Когда он немного отошел, я налил ему воды в чашку (вода у нас практически кончилась, и по пути не попалось ни одного ручья или пруда). Он выпил ее одним махом, половину пролив. Я налил еще.
— Аристофан, — сказал я. — Полагаю, рано или поздно — ибо очевидно, что до Катаны тебе не добраться, а погибать обоим нам смысла нет — ты предложишь мне оставить тебя и дальше идти в одиночку.
— Пошел ты, — ответил он. — Только попробуй дать мне умереть и я тебя убью.

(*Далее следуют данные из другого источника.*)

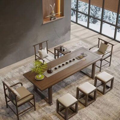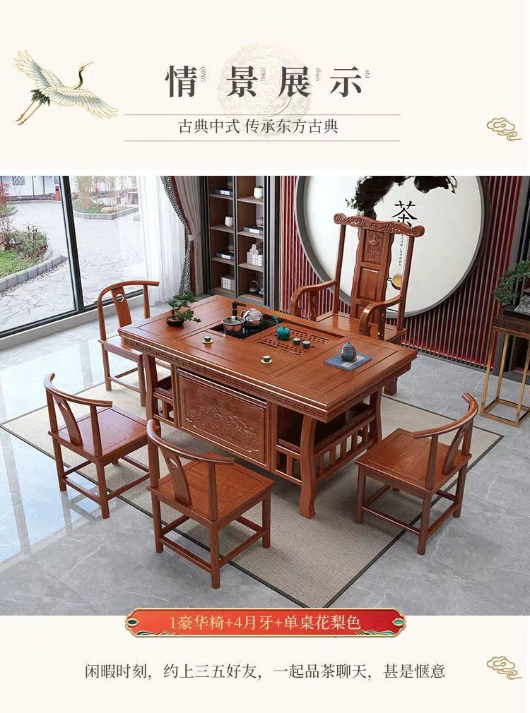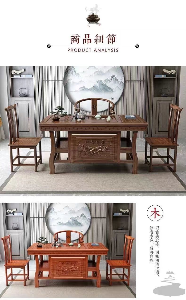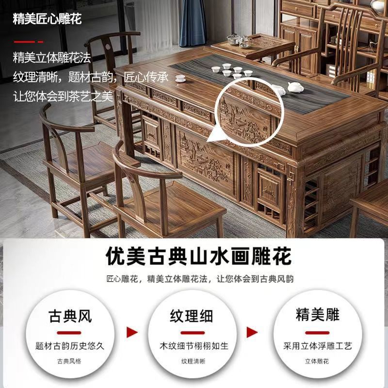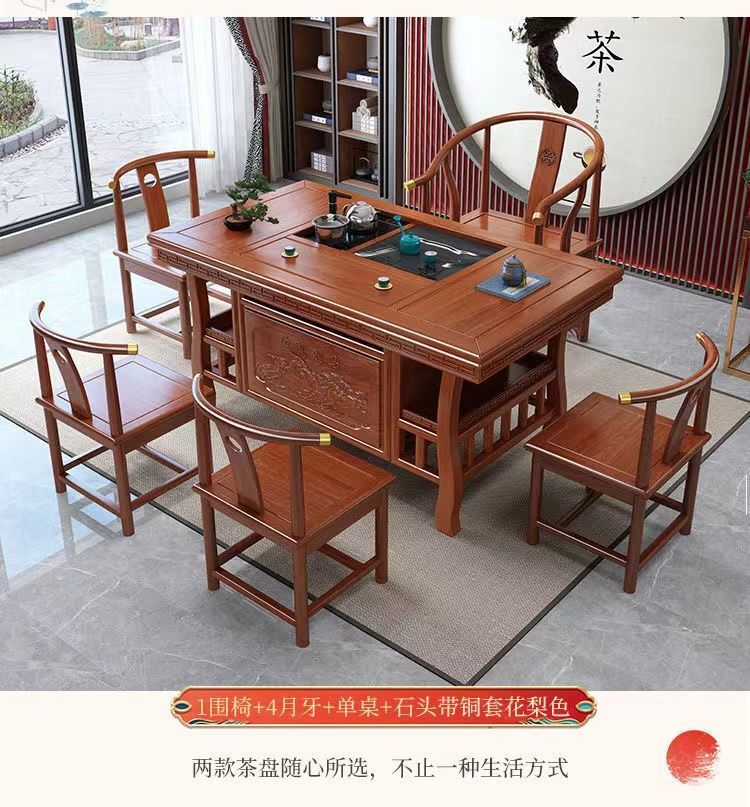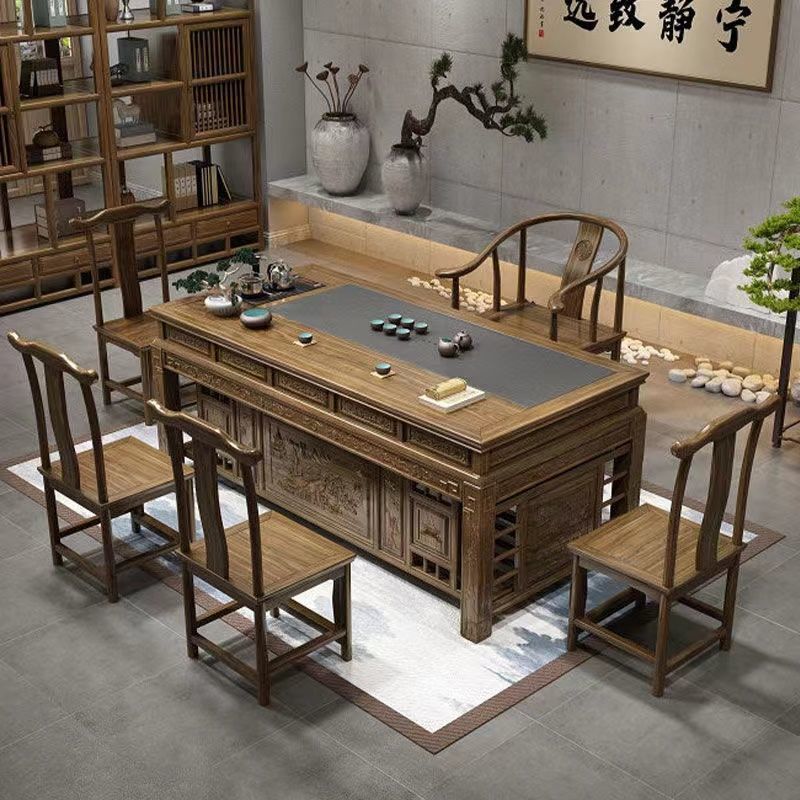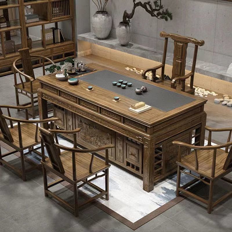 Phong cách Trung Hoa mới Bàn trà gỗ nguyên bộ đầy đủ gia đình log Bàn trà văn phòng Bàn trà và ghế Kung Fu Bàn trà đầy đủ
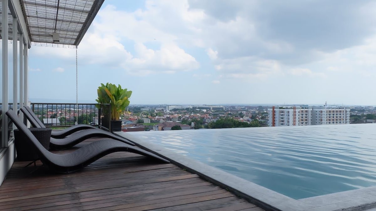 Apartamento de lujo en el corazón de la ciudad. Con magníficas vistas del monte merapi, unidad colocada en piso alto. Instalaciones de primera categoría como gimnasio, piscina infinita con vista al cielo y vestíbulo acogedor. Tu familia estará cerca de todo cuando te hospedes en este lugar céntrico.
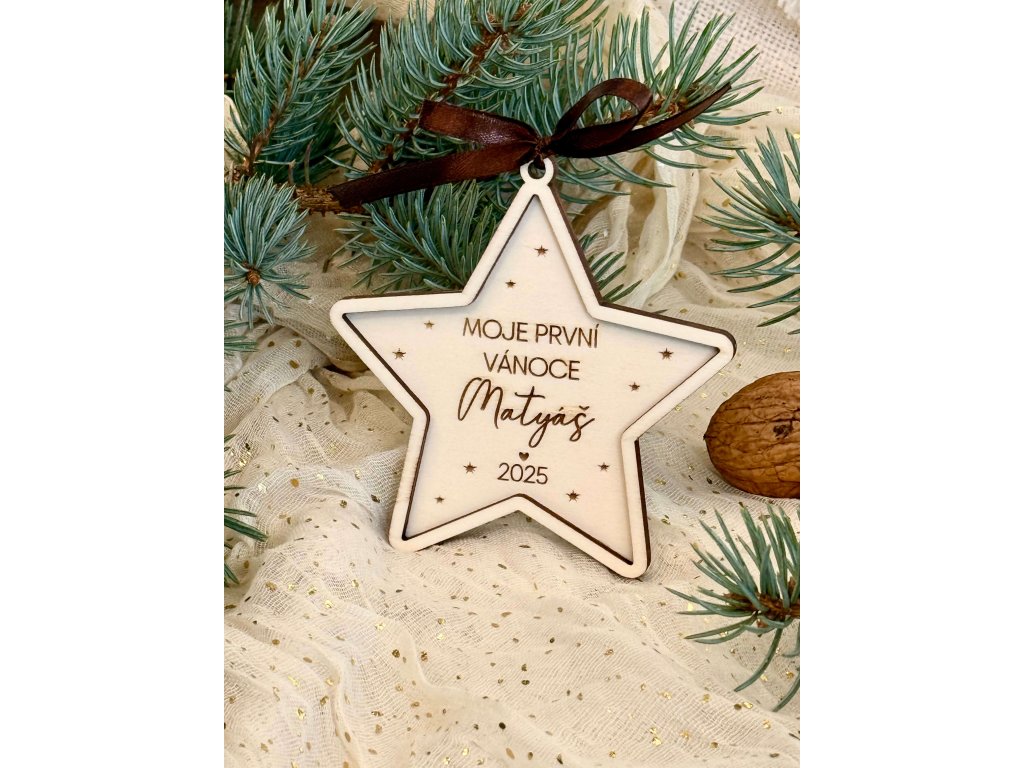 Drevená vianočná ozdoba hviezda - dvojvrstvová, Moje prvé Vianoce
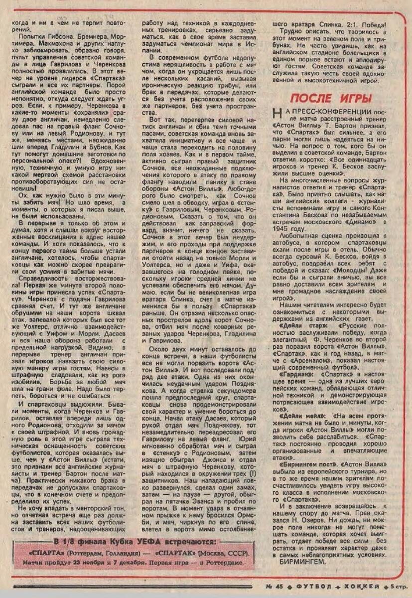 «Астон Вилла» Бирмингем - «Спартак» Москва - 1:2

— Я так и думал, что ты это скажешь, — ответил я. — Это цитата из твоей пьесы. В таком случае у нас есть два варианта. Я понятия не имею, как лечить лихорадку. Поэтому мы должны либо продолжить путь, чтобы добраться до Катаны, пока ты еще не совсем безнадежен, либо остаться здесь в надежде, что болезнь пройдет сама собой. Что ты скажешь?
— Я скажу, что ты законченный ублюдок, — заявил Аристофан твердо. — Просто доставь меня в Катану, неужели это так трудно?
— Значит, ты предпочитаешь идти дальше?
— Нет, — ответил он твердо. — Выведи меня из этих богов забытым холмов и спрячь. Если я умру, мои наследники отсудят у тебя все до последнего обола.